What’s good about Bowser

Illustration for the article entitled Whats Great About Bowser

Image: Nintendo

How do you evolve a franchise with an almost static main character? You look at your antagonist: Bowser, King of the Koopas. Also known by its objectively superior Japanese name: Great Demon King Koopa.

Super Mario’s World is a look at the characters that have made the Mario franchise a household name for 35 years.

Based on Nintendo’s own history, each new Mario the game has high expectations. It’s easy to understand why: if they’re not completely inventing or revolutionizing how video games are played, they’re refining or perfecting an existing approach to game design. One new Super Mario the title appears once, perhaps twice, per generation, and its 35-year-old dynasty is the company’s proof of how effective its approach was.

Mario himself, however, does not change much. Mechanically and visually? Absolutely. But Mario, like yours original name of “Jumpman” openly said, it’s good for one thing: jumping. Mario games have to do with the joy of movement, and Mario is the one who moves it. Meanwhile, Bowser is also a pure character. Mario is good at jumping, but Bowser encourages him to reach new heights.

Undefined

Sometimes it’s like that.
Image: Nintendo

Both inside and outside the universe, Bowser is the driving force of all Mario titles. He starts each story by kidnapping a royal member. He usually defines the main trick of the gameplay using it or forcing Mario to learn new skills to face him. When Bowser helps to cover an island with poisonous paint, Mario places a conscious water cannon; when King Koopa steals Peach’s castle and flies to the center of the galaxy, our plumber learns to defy gravity.

Bowser is everything a game needs to be. But somehow, all of these disparate skills and personality changes never seem deeply in conflict with each other. Combined, they make him the coolest character in games. And that before we even scratch the surface that he is the single recurring parent all over Mario franchise.

In his first appearance, Bowser is quite a barebone. It mainly serves as a bouncy brick wall at the end of each castle. In Super Mario Bros. 3, he is the ruler of an entire world (Black Earth) complete with a steampunk army of wooden tanks and propeller aircraft, access to medium-level magic and a gang of seven loyal Koopalings. (They used to be your children, now they’re just a gang of anime-style minions with distinct personalities.)

Undefined

Koopalings are a mess and I love them.
Image: Nintendo

Inside Super Mario World he gets into mechanized enemies, introducing his Koopa Clown Car into the myth. In Super Mario 64 he is a master of black magic, trapping all residents of Peach’s castle in walls and paintings, as well as a deeply imposing physical presence, towering over Mario and dividing the ground below them with his steps.

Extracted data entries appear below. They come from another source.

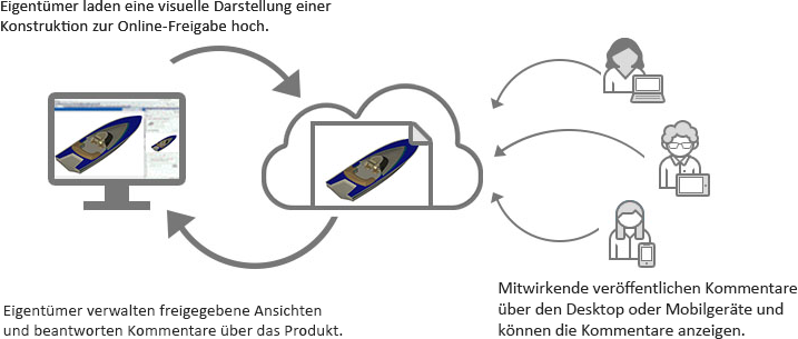Verwenden Sie freigegebene Ansichten für die Online-Zusammenarbeit an einer visuellen Darstellung Ihres Modells oder Ihrer Konstruktion. Erstellen Sie beispielsweise eine freigegebene Ansicht für einen Kunden, um eine Genehmigung einzuholen oder um Ihrem Vertriebsteam einfachen Zugriff zu bieten, damit vor Ort eine Präsentation erfolgen kann. Unter Verwendung der von Ihnen bereitgestellten Verknüpfung kann jeder Anwender die freigegebene Ansicht anzeigen und kommentieren, ohne selbst über ein installiertes Autodesk-Produkt zu verfügen. Wenn ein Anwender einen Kommentar in der freigegebenen Ansicht verfasst, werden Sie per E-Mail darüber benachrichtigt. Aus Ihrem Autodesk-Produkt heraus können Sie Kommentare anzeigen und darauf antworten sowie Ihre freigegebene Ansicht verwalten.
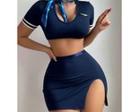 Turn heads and command attention in this sexy navy blue flight attendant costume set. This bold and stylish two-piece outfit includes a fitted short-sleeve crop top with aviation-inspired emblem, a high-waisted mini skirt featuring a daring front slit, and a matching blue satin neck scarf for the perfect finishing touch.
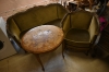 Soffgrupp 3del soffa, fåtölj badkarsmodell + bord 1900.talets mitt (hård slitage på bord, bruksslitage)
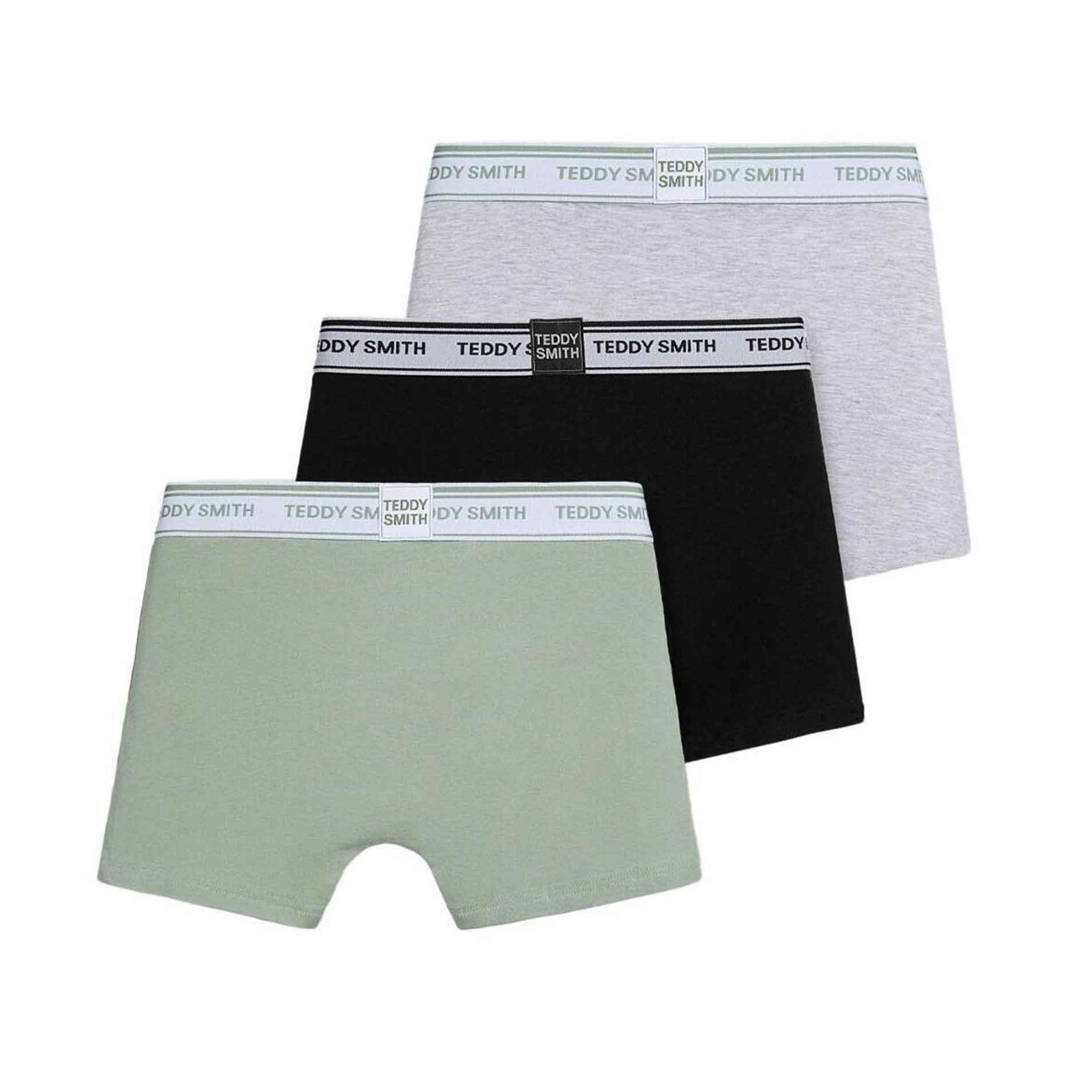 Förpackning med 3 st Teddy Smith boxershorts i bomull med stretch. Färger: khaki, svart, melerad grå, märkeslinning, smal passform. Andningsbar komfort till bästa pris.

Bowser is a necromancer, an expert in space technology and dark matter physics, a military commander, a dictator, a single father and the leading man behind a series of bold global assaults to steal the perfect items for his moon wedding. And that is only in the main games.

Undefined

Moon wedding!
Image: Nintendo

In any other medium, that list of real things a character did would be ridiculous. This would give Lex Luthor a run for his considerable money, and even comic book characters need an occasional continuity reset when things get a little crazy. However, it works for Bowser because it gives Mario – and by extension us as players – an even greater challenge to overcome. The better Bowser, the better we will be to defeat him.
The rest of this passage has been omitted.